Ray marching works by starting a view ray for each render pixel and sampling the cloud volume which is a cube in this example. This ray tracing program can be implemented in OpenGL by rendering a dummy background quad.

Sampling

The transmittance for a small segment of the cloud is basically the exponent of negative density times step size:

vec3 cloud_scatter = vec3(0, 0, 0);
float transparency = 1.0;
for (int i=0; i<cloud_samples; i++) {
  vec3 c = origin + (i * stepsize + 0.5) * direction;
  float density = cloud_density(c);
  float transmittance_cloud = exp(-density * stepsize);
  float scatter_amount = 1.0;
  cloud_scatter += transparency * (1 - transmittance_cloud) * scatter_amount;
  transparency = transparency * transmittance_cloud;
};
incoming = incoming * transparency + cloud_scatter;

The resulting sampled cube of Worley noise looks like this:

Worley cube

The amount of scattered light can be changed by using a mix of isotropic scattering and a phase function for approximating Mie scattering. I.e. the amount of scattered light is computed as follows:

  float scatter_amount = anisotropic * phase(0.76, dot(direction, light_direction)) + 1 - anisotropic;

I used the Cornette and Shanks phase function shown below (formula (4) in Bruneton’s paper):

float M_PI = 3.14159265358;
float phase(float g, float mu)
{
  return 3 * (1 - g * g) * (1 + mu * mu) / (8 * M_PI * (2 + g * g) * pow(1 + g * g - 2 * g * mu, 1.5));
}

The resulting rendering of the Worley noise now shows a bright halo around the sun:

Anisotropic scattering

The rendering does not yet include self-shadowing. Shadows are usually computed by sampling light rays towards the light source for each sample of the view ray. However a more efficient way is to use deep opacity maps (also see Pixar’s work on deep shadow maps). In a similar fashion to shadow maps, a depth map of the start of the cloud is computed as seen from the light source. While rendering the depth map, several samples of the opacity (or transmittance) behind the depth map are taken with a constant stepsize. I.e. the opacity map consists of a depth (or offset) image and a 3D array of opacity (or transmittance) images.

Deep opacity map

Similar as when performing shadow mapping, one can perform lookups in the opacity map to determine the amount of shading at each sample in the cloud.

Clouds with self-shading

To make the cloud look more realistic, one can add multiple octaves of Worley noise with decreasing amplitude. This is also sometimes called fractal Brownian motion.

Octaves of Worley noise

To reduce sampling artifacts without loss of performance, one can use blue noise offsets for the sample positions when computing shadows as well as when creating the final rendering.
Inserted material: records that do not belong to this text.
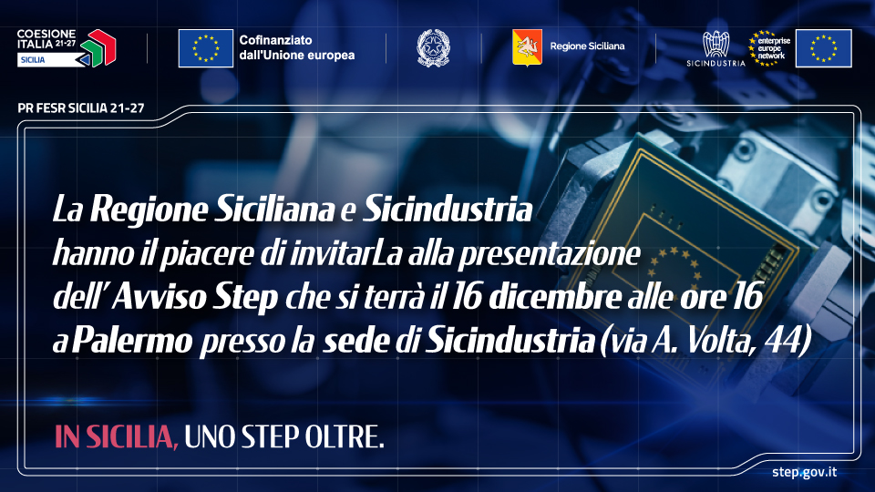 La S.V. è invitata alla presentazione dell’Avviso STEP, che si terrà martedì 16 dicembre 2025 alle ore 16:00, presso la sede di Sicindustria, in via A. Volta 44, Palermo.
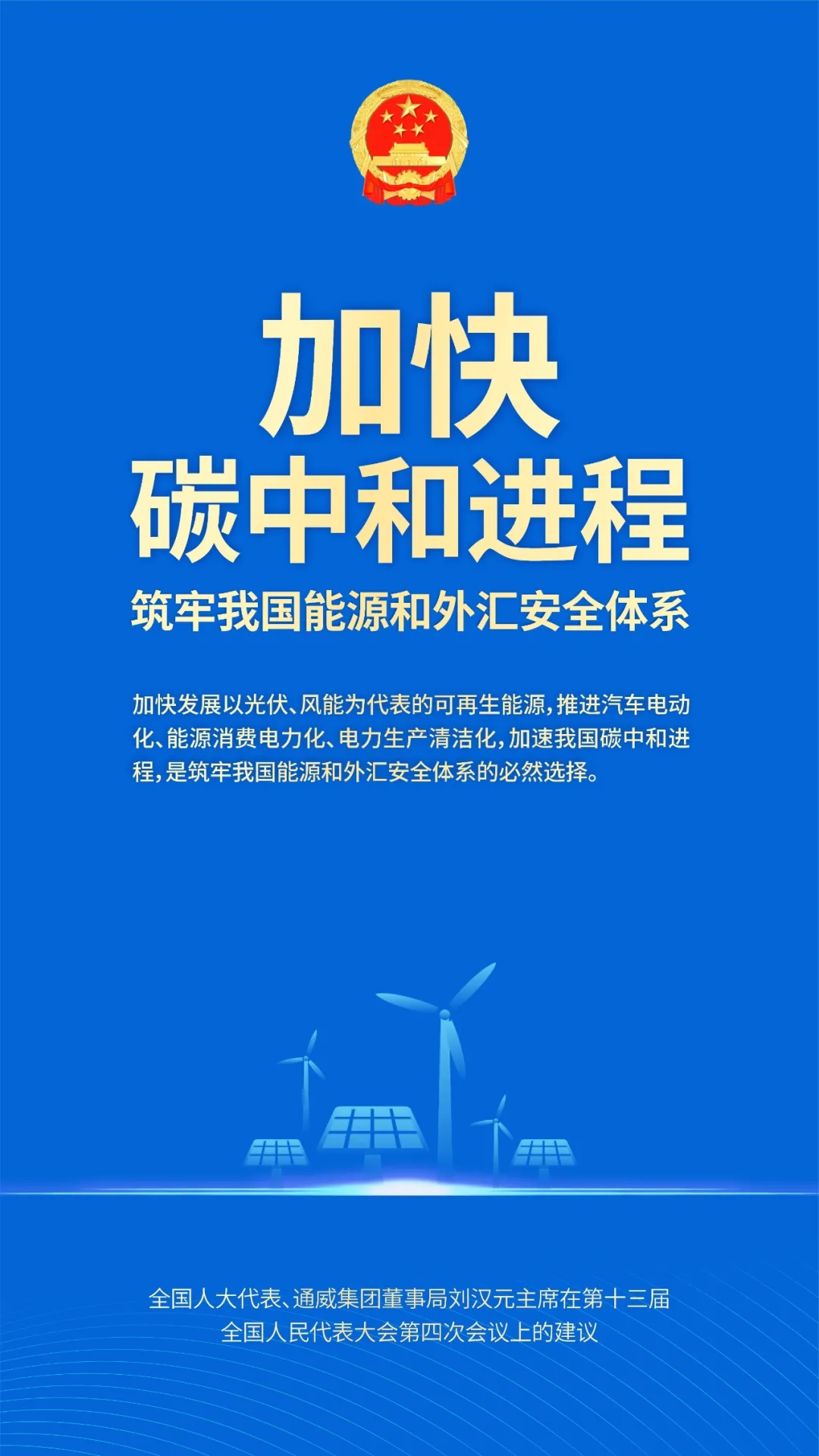 3月4日,新華社APP推出題為《全國人大代表、通威集團董事局主席劉漢元:牢牢掌握國家能源供給主動權》的專題報道,精彩觀點引起廣泛關注,瀏覽量迅速突破90萬。劉漢元主席在報道中表示,建議加快推進汽車電動化、能源消費電力化、電力生產清潔化,加快碳中和進程,筑牢我國能源和外匯安全體系。即通過10年到20年時間,實現我國能源增量70%以上、存量50%以上的可再生清潔化替代,在推動碳中和進程的同時,將國家能源供給的主動權牢牢掌握在自己手中,解決石油進口被“卡脖子”的問題,實現我國能源的安全保障和獨立供應,節省大量外匯支出,為我國經濟高質量發展、國家戰略安全保駕護航。
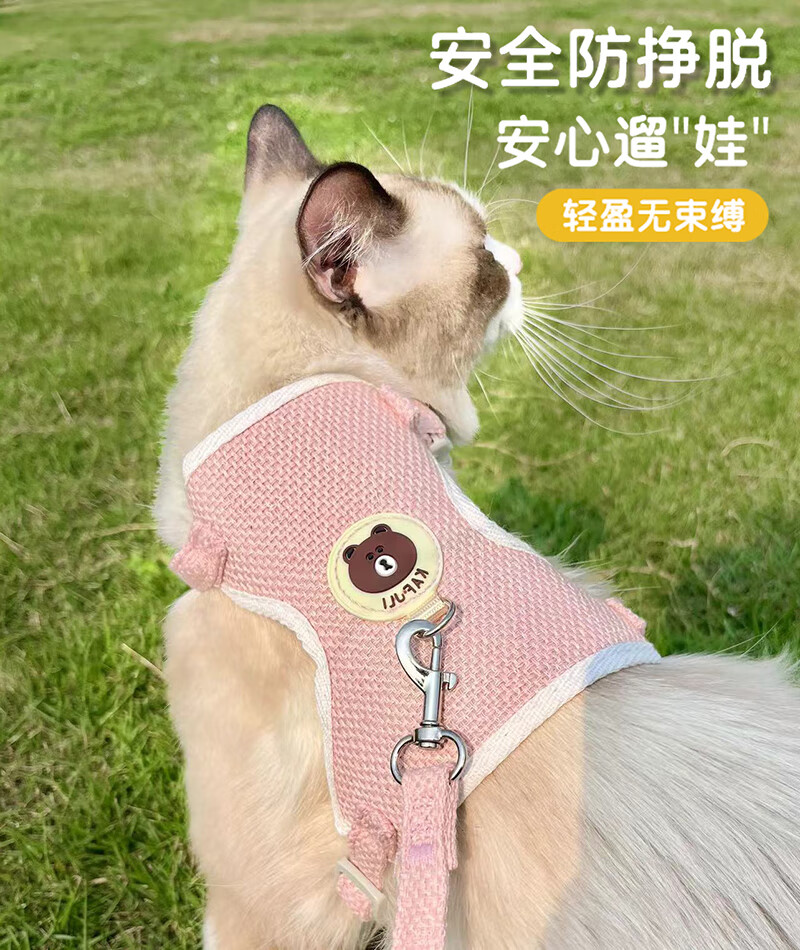 Cat traction rope to prevent break-away, special pet rabbit vest for walking cats, special cat walking chain, cat rope, yellow label bear, M size, recommended 7-14 Jin Jin equals 0.5 kg

Blue noise sampling offsets

In a previous article I have demonstrated how to generate global cloud cover using curl noise. One can add the global cloud cover with octaves of mixed Perlin and Worley noise and subtract a threshold. Clamping the resulting value creates 2D cloud patterns on a spherical surface.

Scattered global clouds

By restricting the clouds to be between a bottom and top height, one obtains prism-like objects as shown below:

Cloud blocks

Note that at this point it is recommended to use cascaded deep opacity maps instead of a single opacity map. Like cascaded shadow maps, cascaded deep opacity maps are a series of cuboids covering different splits of the view frustum.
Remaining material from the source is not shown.